Nachhaltigkeit messbar gemacht: 3 900 Tonnen gespeicherter Kohlenstoff
Nach Angaben des estnischen Umweltministeriums speichert das Gebäude rund 3 900 Tonnen biogenen Kohlenstoff – mehr als doppelt so viel wie ein vergleichbarer Betonbau. Die in Estland verwendete Holzmenge wächst innerhalb weniger Tage im heimischen Wald nach. Gleichzeitig ist das Gebäude bis zu siebenmal leichter als ein massiver Steinbau – was Fundamentkosten und den CO2-Fußabdruck weiter reduziert.
Das Gesamte muss stimmen
„Holz allein macht noch kein nachhaltiges Gebäude“, warnt jedoch Architekt und Theoretiker Renee Puusepp. „Die Kombination mit anderen Materialien und ein zukunftsgerichtetes Gebäudekonzept sind entscheidend.“ Ziel sei ein flexibles, rückbaubares Bauwerk – ganz im Sinne des zirkulären Bauens.

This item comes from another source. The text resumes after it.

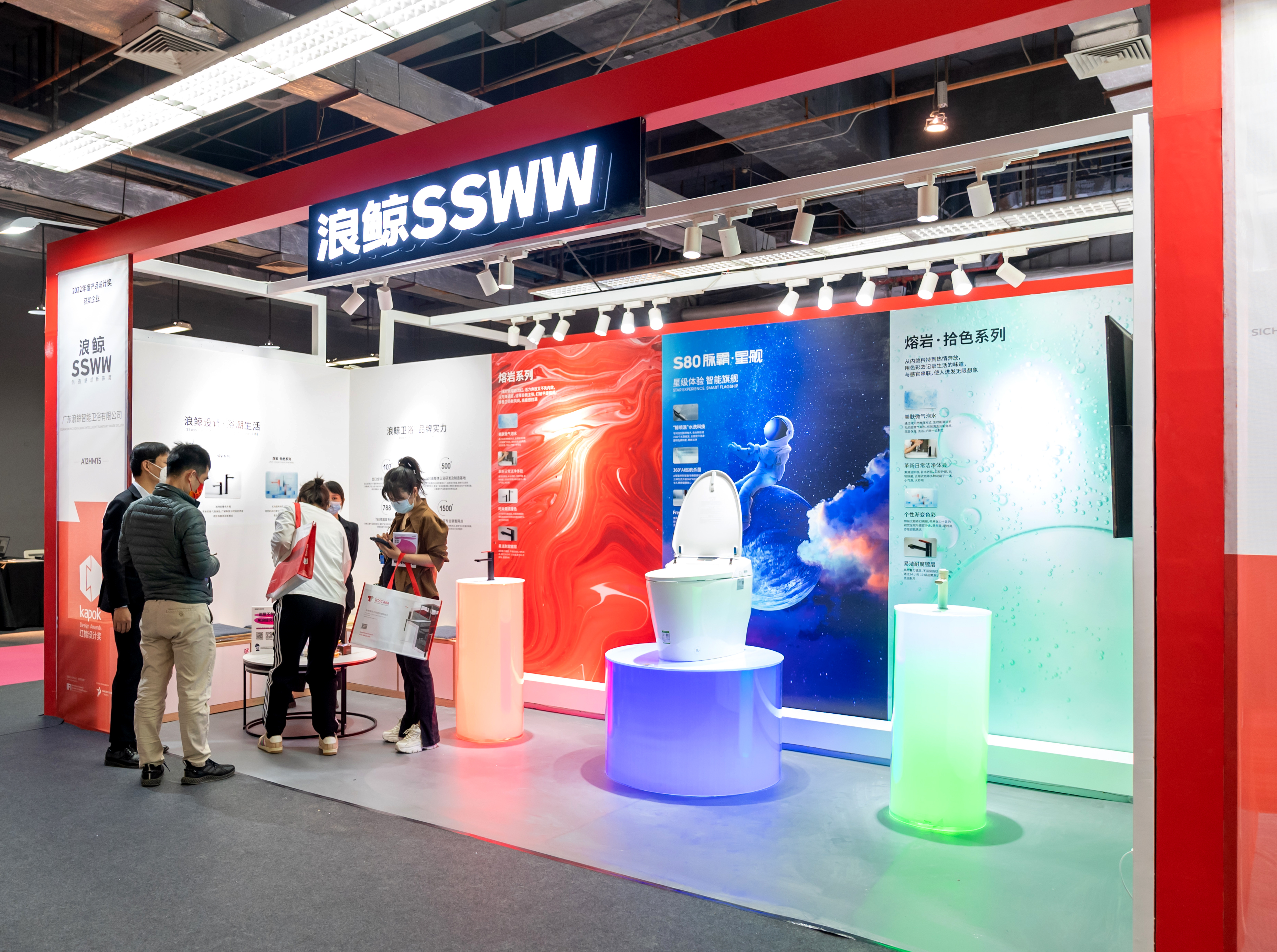 本次展會(huì)上,浪鯨衛(wèi)浴的紅棉設(shè)計(jì)獎(jiǎng)?wù)刮粩[脫傳統(tǒng),通過設(shè)計(jì)鮮艷的色彩,利用區(qū)塊性的色彩背景襯托產(chǎn)品調(diào)性,極具美學(xué)的設(shè)計(jì)語言,為現(xiàn)場的觀展客戶帶來全新的空間體驗(yàn)。

Digitale Planung trifft industrielle Präzision
Die Planung erfolgt mit digitalen Zwillingen und BIM-gestützten Prozessen. Dank Vorfertigung kann das Gebäude innerhalb kürzester Zeit wetterfest montiert werden – ohne Gerüst und mit minimalem Abfall auf der Baustelle. EstNor übernimmt zusätzlich zur Fertigung auch die vollständige Montage. „Das Projekt zeigt, wie industrielle Holzbauweise in Kombination mit digitalen Tools neue Maßstäbe setzt – nicht nur in der Ästhetik, sondern auch in der Ressourceneffizienz“, so Renee Mikomägi, CEO von EstNor.

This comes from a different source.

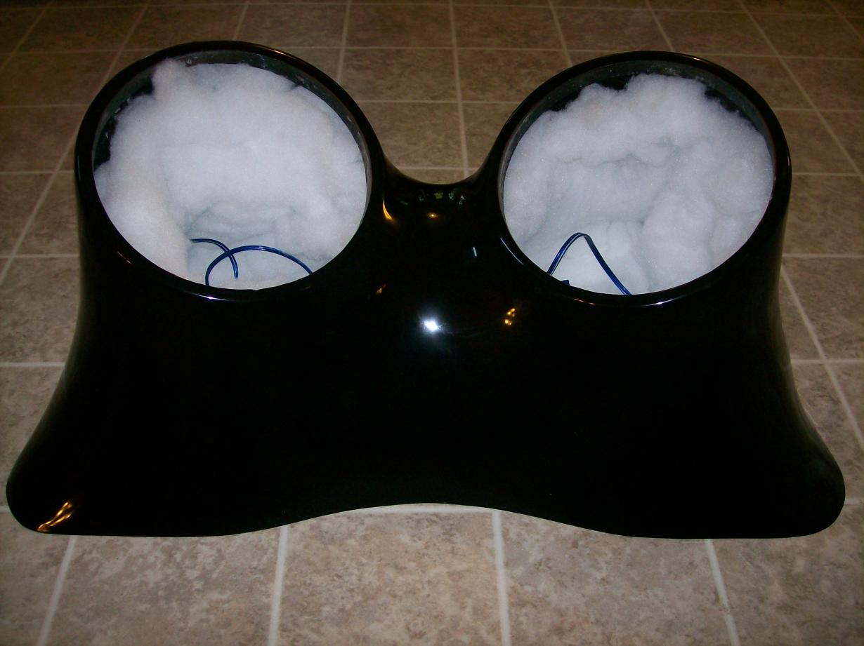 Finally finished my mold and here is a picture of the universal box I mentioned a while back. It holds 2 twelve inch subs. It also has a center divider making each side a seperate box,all wood is 3/4 mdf. Its not painted its polished black gelcoat! Much tougher than paint. I also gelcoated the bottom and brushed resin on all wooden areas making it weather proof and great for use on botas or outside. The terminals are gold plated and on the bottom. Wood rings are glassed in to screw the woofers into. The nice thing is the mdf absorbs resin making it very tough stuff. The polyfill helps it sound nice and dead. About 1.3 cubic feet per side. Also heres the original !998 - 2002 accord stealth box also.

Ein Modell auch für Deutschland: Dekarbonisierung durch Holz und Sanierung
Während sich der EU Green Deal und die neue EU-Gebäuderichtlinie zunehmend auf die Dekarbonisierung des Gebäudebestands konzentrieren, liefert Estland mit Loodusmaja ein Beispiel dafür, wie ein öffentliches Bauprojekt diese Ziele praktisch umsetzen kann. Für Deutschland, wo rund 85 % der Gebäude bis 2045 klimaneutral umgebaut werden müssen, ist das Modell hochrelevant. In der Meldung heißt es weiter, Loodusmaja sei mehr als ein musealer Verwaltungsbau – es sei ein Impulsgeber für klimaneutrales, zukunftsorientiertes Bauen. Die industrielle Umsetzung, gekoppelt mit hoher architektonischer Qualität und einem glaubwürdigen politischen Rahmen, mache das Projekt zu einem Referenzbeispiel – auch über Estland weithinaus.